What to do: From the listing below, copy only the lines running from the line that contains "目前国内饰品渠道以线下小店或" to the line that contains "在PodSpec YAML中,此规则将转换为字段nodeAffinity。另外请注意,我已经包含了Rancher 1.6", both included.

Dataset entries:
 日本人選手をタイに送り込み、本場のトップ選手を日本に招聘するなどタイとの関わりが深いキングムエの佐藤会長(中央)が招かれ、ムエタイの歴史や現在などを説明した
==
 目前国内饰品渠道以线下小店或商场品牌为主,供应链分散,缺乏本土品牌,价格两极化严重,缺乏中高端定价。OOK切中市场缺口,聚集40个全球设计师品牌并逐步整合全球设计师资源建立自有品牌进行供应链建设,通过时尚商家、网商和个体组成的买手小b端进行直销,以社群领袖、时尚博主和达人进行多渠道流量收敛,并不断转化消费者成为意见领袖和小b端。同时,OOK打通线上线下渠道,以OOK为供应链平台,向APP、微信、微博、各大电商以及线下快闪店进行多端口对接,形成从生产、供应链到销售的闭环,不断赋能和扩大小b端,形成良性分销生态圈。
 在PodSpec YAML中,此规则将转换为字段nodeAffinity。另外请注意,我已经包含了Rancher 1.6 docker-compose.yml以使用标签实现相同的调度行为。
--
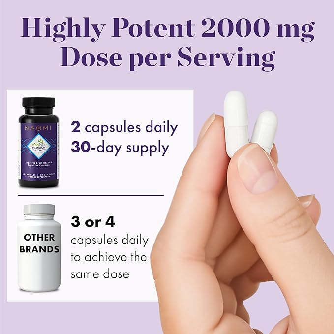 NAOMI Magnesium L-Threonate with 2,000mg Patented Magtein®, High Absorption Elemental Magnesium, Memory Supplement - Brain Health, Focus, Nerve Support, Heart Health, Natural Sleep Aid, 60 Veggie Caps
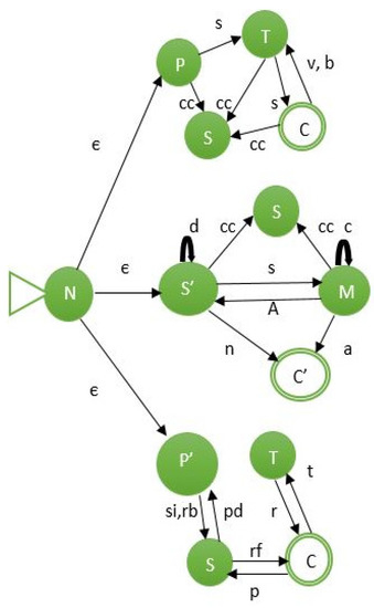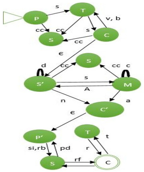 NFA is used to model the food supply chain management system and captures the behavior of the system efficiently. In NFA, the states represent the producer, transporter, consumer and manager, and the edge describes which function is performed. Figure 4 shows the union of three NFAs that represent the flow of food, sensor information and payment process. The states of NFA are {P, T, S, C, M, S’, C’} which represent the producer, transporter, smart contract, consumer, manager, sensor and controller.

Output for this task:
 目前国内饰品渠道以线下小店或商场品牌为主,供应链分散,缺乏本土品牌,价格两极化严重,缺乏中高端定价。OOK切中市场缺口,聚集40个全球设计师品牌并逐步整合全球设计师资源建立自有品牌进行供应链建设,通过时尚商家、网商和个体组成的买手小b端进行直销,以社群领袖、时尚博主和达人进行多渠道流量收敛,并不断转化消费者成为意见领袖和小b端。同时,OOK打通线上线下渠道,以OOK为供应链平台,向APP、微信、微博、各大电商以及线下快闪店进行多端口对接,形成从生产、供应链到销售的闭环,不断赋能和扩大小b端,形成良性分销生态圈。
 在PodSpec YAML中,此规则将转换为字段nodeAffinity。另外请注意,我已经包含了Rancher 1.6 docker-compose.yml以使用标签实现相同的调度行为。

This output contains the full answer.